MASTER OF BUSINESS ADMINISTRATION
- - Finance
- - International Business
- - Management
- - Management Information Technology
- - Marketing

MASTER OF PUBLIC ADMINISTRATION

MASTER OF SCIENCE
- - Information Technology
- - Information Systems Engineering

WIU also offers a limited number of business-related certificate
programs.

Distance Education ----------------------------------------------------------

At August 31, 1999, there were approximately 10,700 degree seeking
students utilizing the Company's distance education delivery systems,
approximately 97% of whom are enrolled in the UOP Online campus. The
Company's distance education components consist primarily of the following:

Online Computer Conferencing

The UOP Online campus was established by UOP in 1989 to provide group-
based, faculty-led instruction through computer-mediated communications.
Students can access their UOP Online classes with a computer and modem from
anywhere in the world, on schedules that meet their individual needs. UOP
Online students work together in small groups of 8 to 13 to engage in class
discussion and study group activities that are focused on the same learning
outcomes and objectives required in UOP's classroom degree programs.
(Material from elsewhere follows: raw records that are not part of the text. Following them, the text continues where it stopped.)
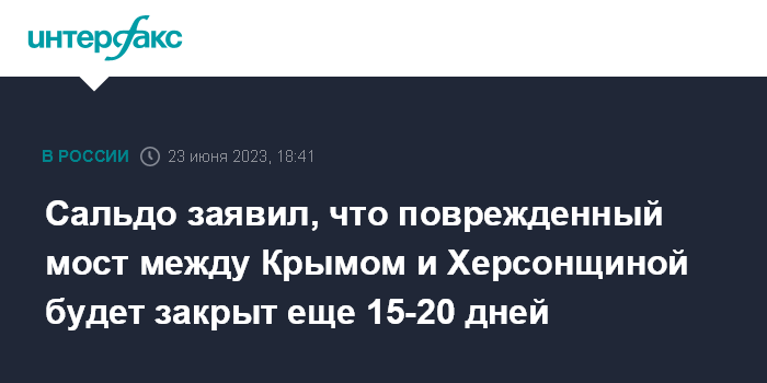 Москва. 23 июня. INTERFAX.RU - Поврежденный украинским обстрелом мост на административной границе между Крымом и Херсонской областью вблизи Чонгара будет закрыт для движения дольше, чем ожидалось, сообщил врио губернатора Херсонской области Владимир Сальдо.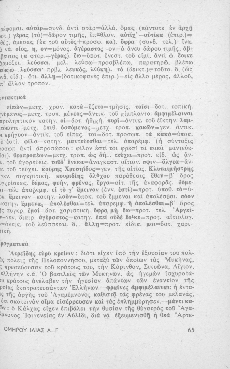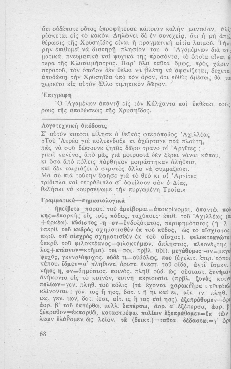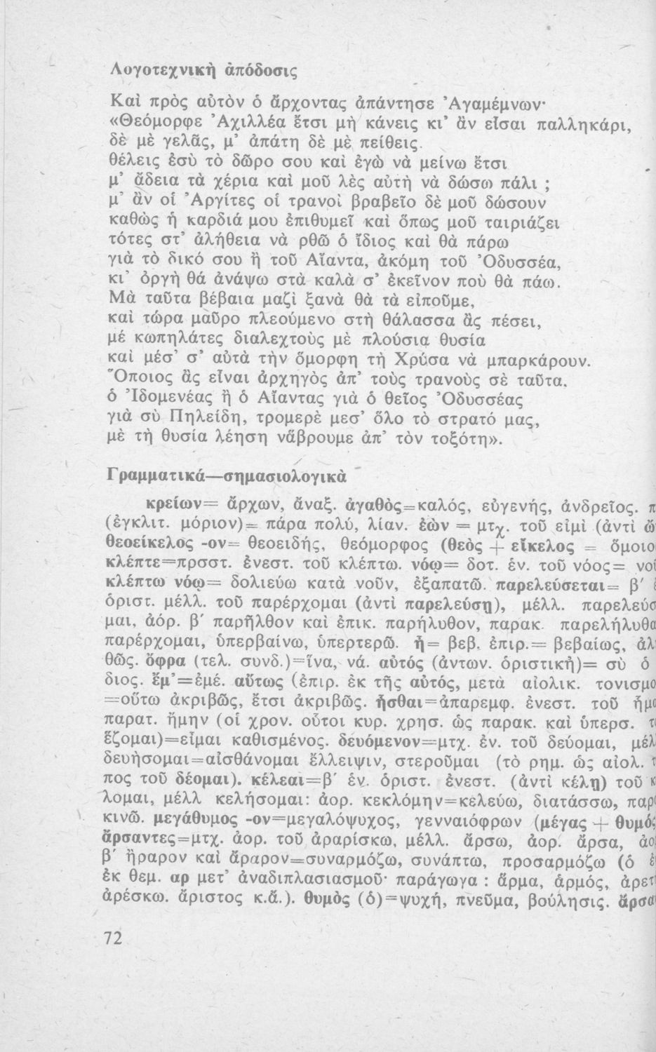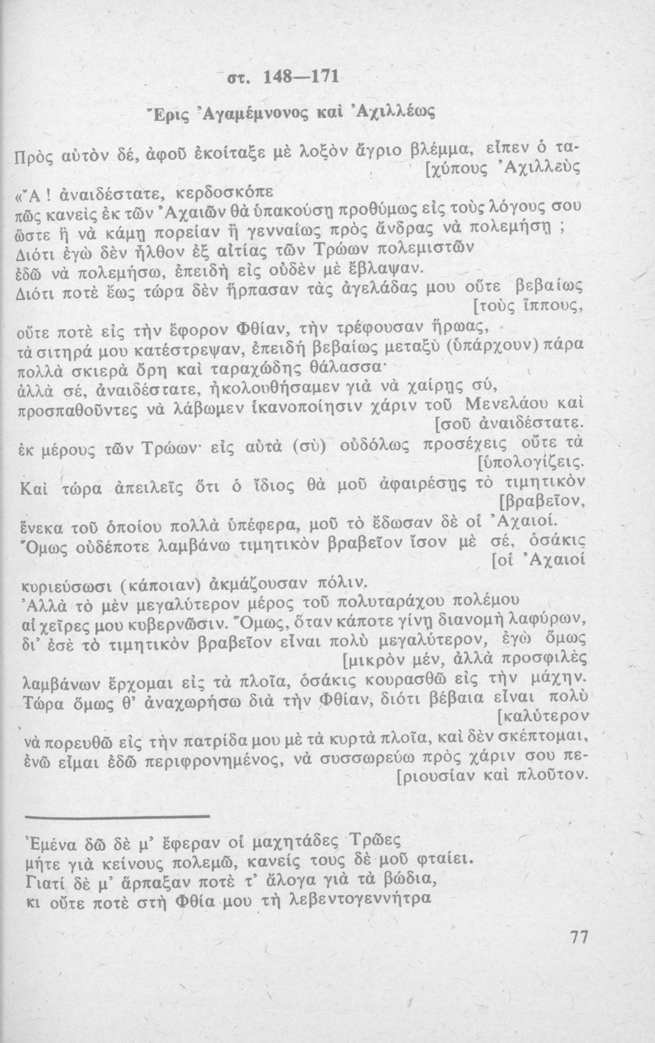 Μαθητικό βοήθημα Αρχαίων Ελληνικών της Γ΄ τάξης των τετρατάξιων Γυμνασίων το οποίο περιέχει σε μετάφραση τη ραψωδία Α΄ από την 'Ιλιάδα' του Ομήρου.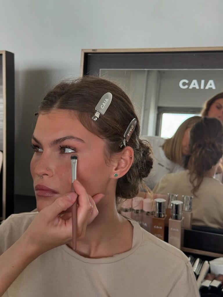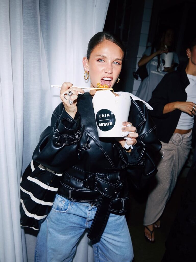 The brand’s partnership with Caia Cosmetics during the event felt less like a marketing move and more like a shared manifesto. Both labels trade in the currency of self-expression, and their backstage collaboration created a sensory parallel to the garments: lips lacquered in unapologetic reds, skin illuminated with the soft precision of northern light. Caia’s presence enhanced the storytelling, infusing the Rotate woman with a beauty narrative that matched her wardrobe — confident, luminous, and unafraid to claim space.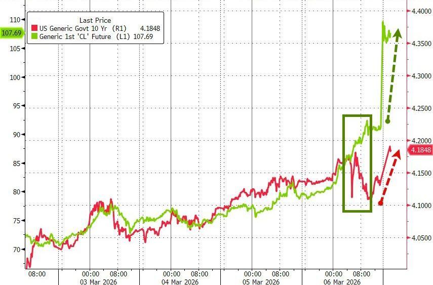 It seems someone tapped the President on the shoulder given this afternoon's explosive opening in futures and he has posted X that spiking oil prices are a "small price to pay" for world peace, adding that prices "will drop rapidly" once the Iran nuclear threat is over.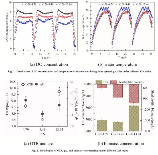 系統闡明不同碳氮比(C:N)條件下氧傳質(OMT)在宏觀(反應器)與微觀(生物膜)尺度的機制,建立生物膜好氧層厚度與氧濃度的定量模型,為優化曝氣能效提供理論依據。
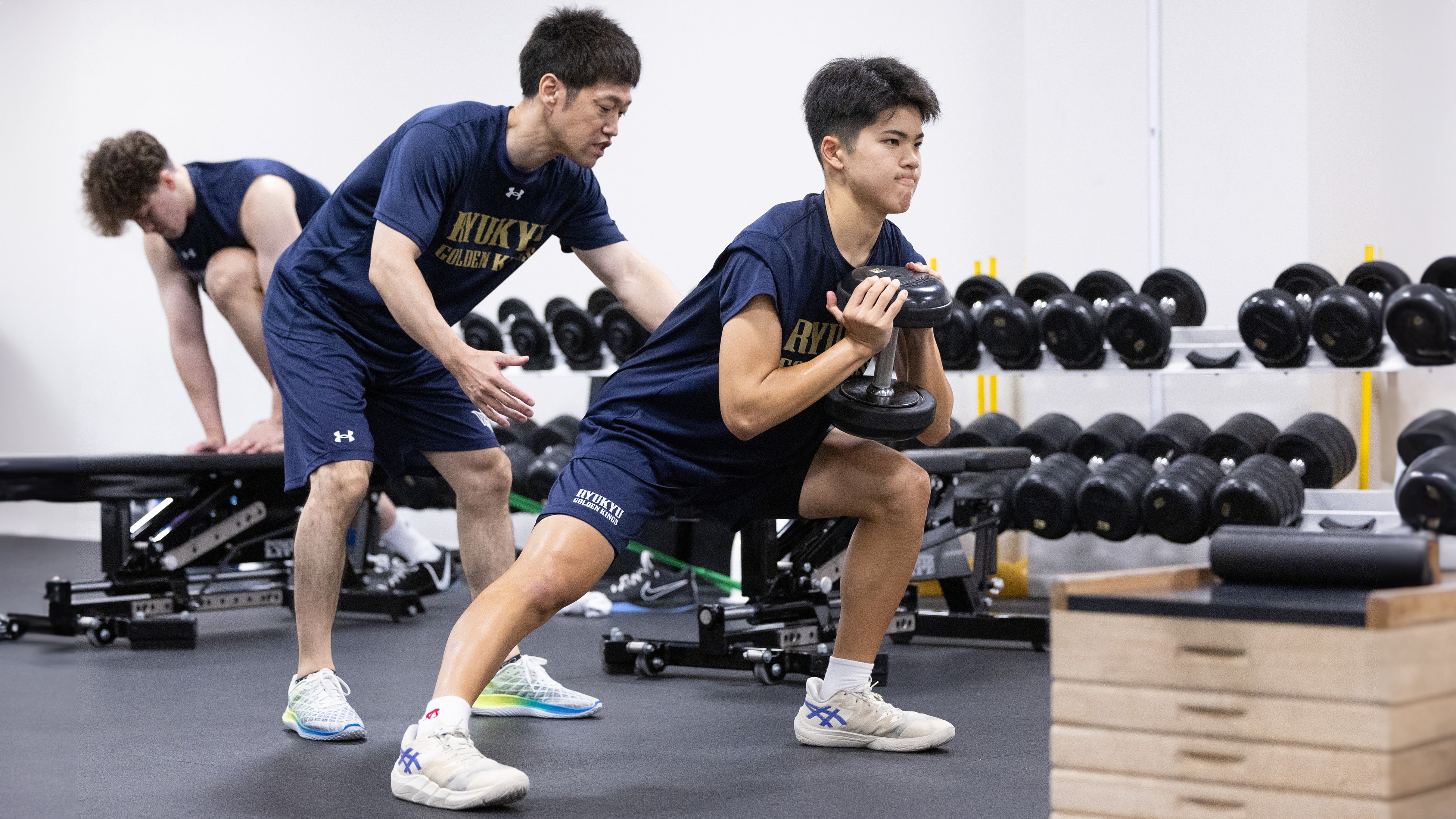 また、畝挟孝洋ストレングス&コンディショニングコーチの指導のもと、トップチームが実際に使用している器具でウエイトトレーニングを行い、より高いレベルでの戦いにも耐えることができる身体づくりを行いました。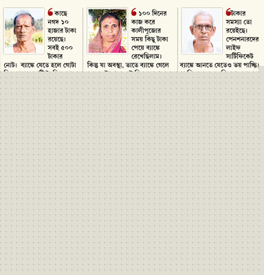 নোট বাতিলের ধাক্কায় বন্ধ হতে বসেছে চাষবাস ও ছোট দোকান। পেনশনভোগীরা টাকা তুলতে যেতে পারছেন না দূরত্ব এবং ভিড়ের জন্য। মেয়ের বিয়ে কী ভাবে দেবেন তা নিয়ে দুশ্চিন্তায় পড়েছেন চাষিরা।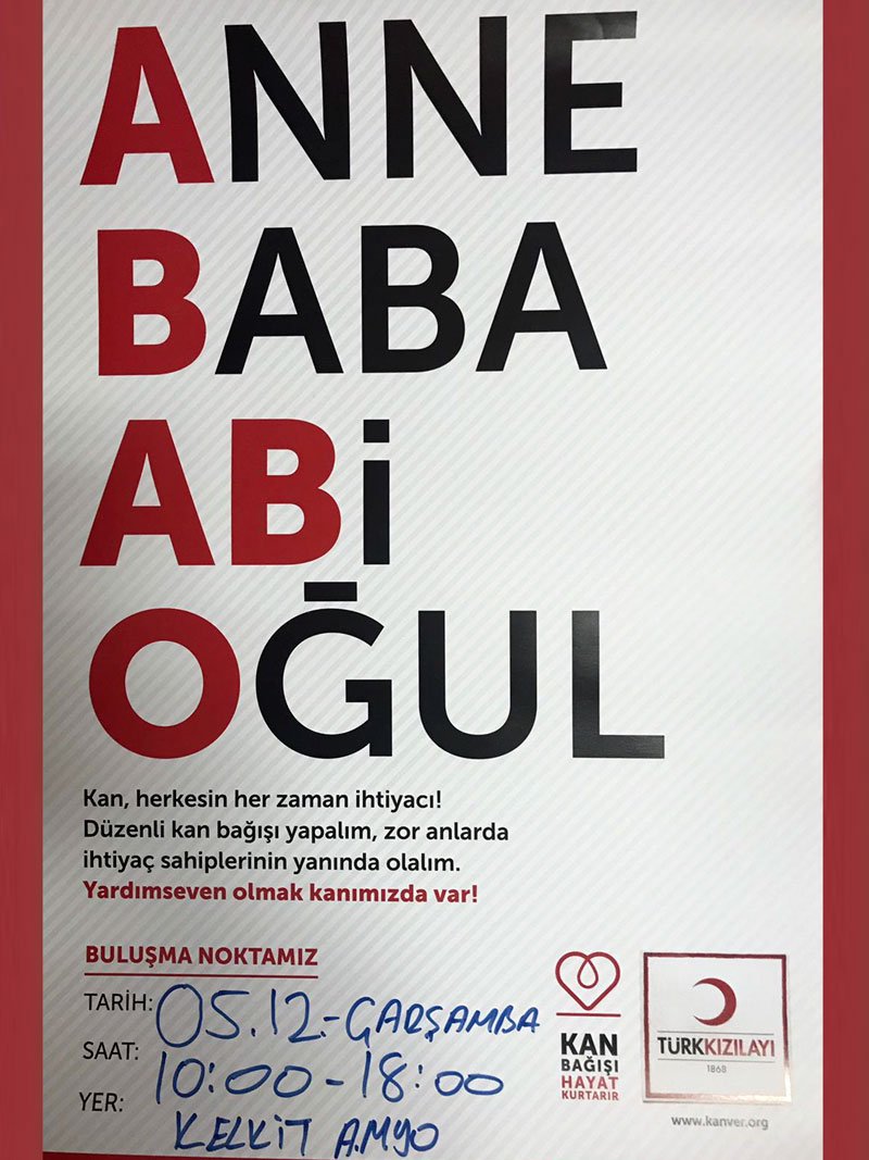 Kan bağışı yapmak isteyenler Kampüs alanındaki belirtilen tarihte Kızılay gezici kan bağışı tırını ziyaret ederek bağışta bulunabilirler.

This
enables the UOP Online students to enjoy the benefits of a study group, where
they can share their regional and cultural differences with each other in the
context of their coursework. Students are not required to participate at the
same time since the communication method is asynchronous in nature. UOP
Online's degree programs can be accessed though direct-dial or Internet
service providers. The same academic quality management standards applied to
campus-based programs, including the assessment of student learning outcomes,
are applied to programs delivered through the UOP Online campus.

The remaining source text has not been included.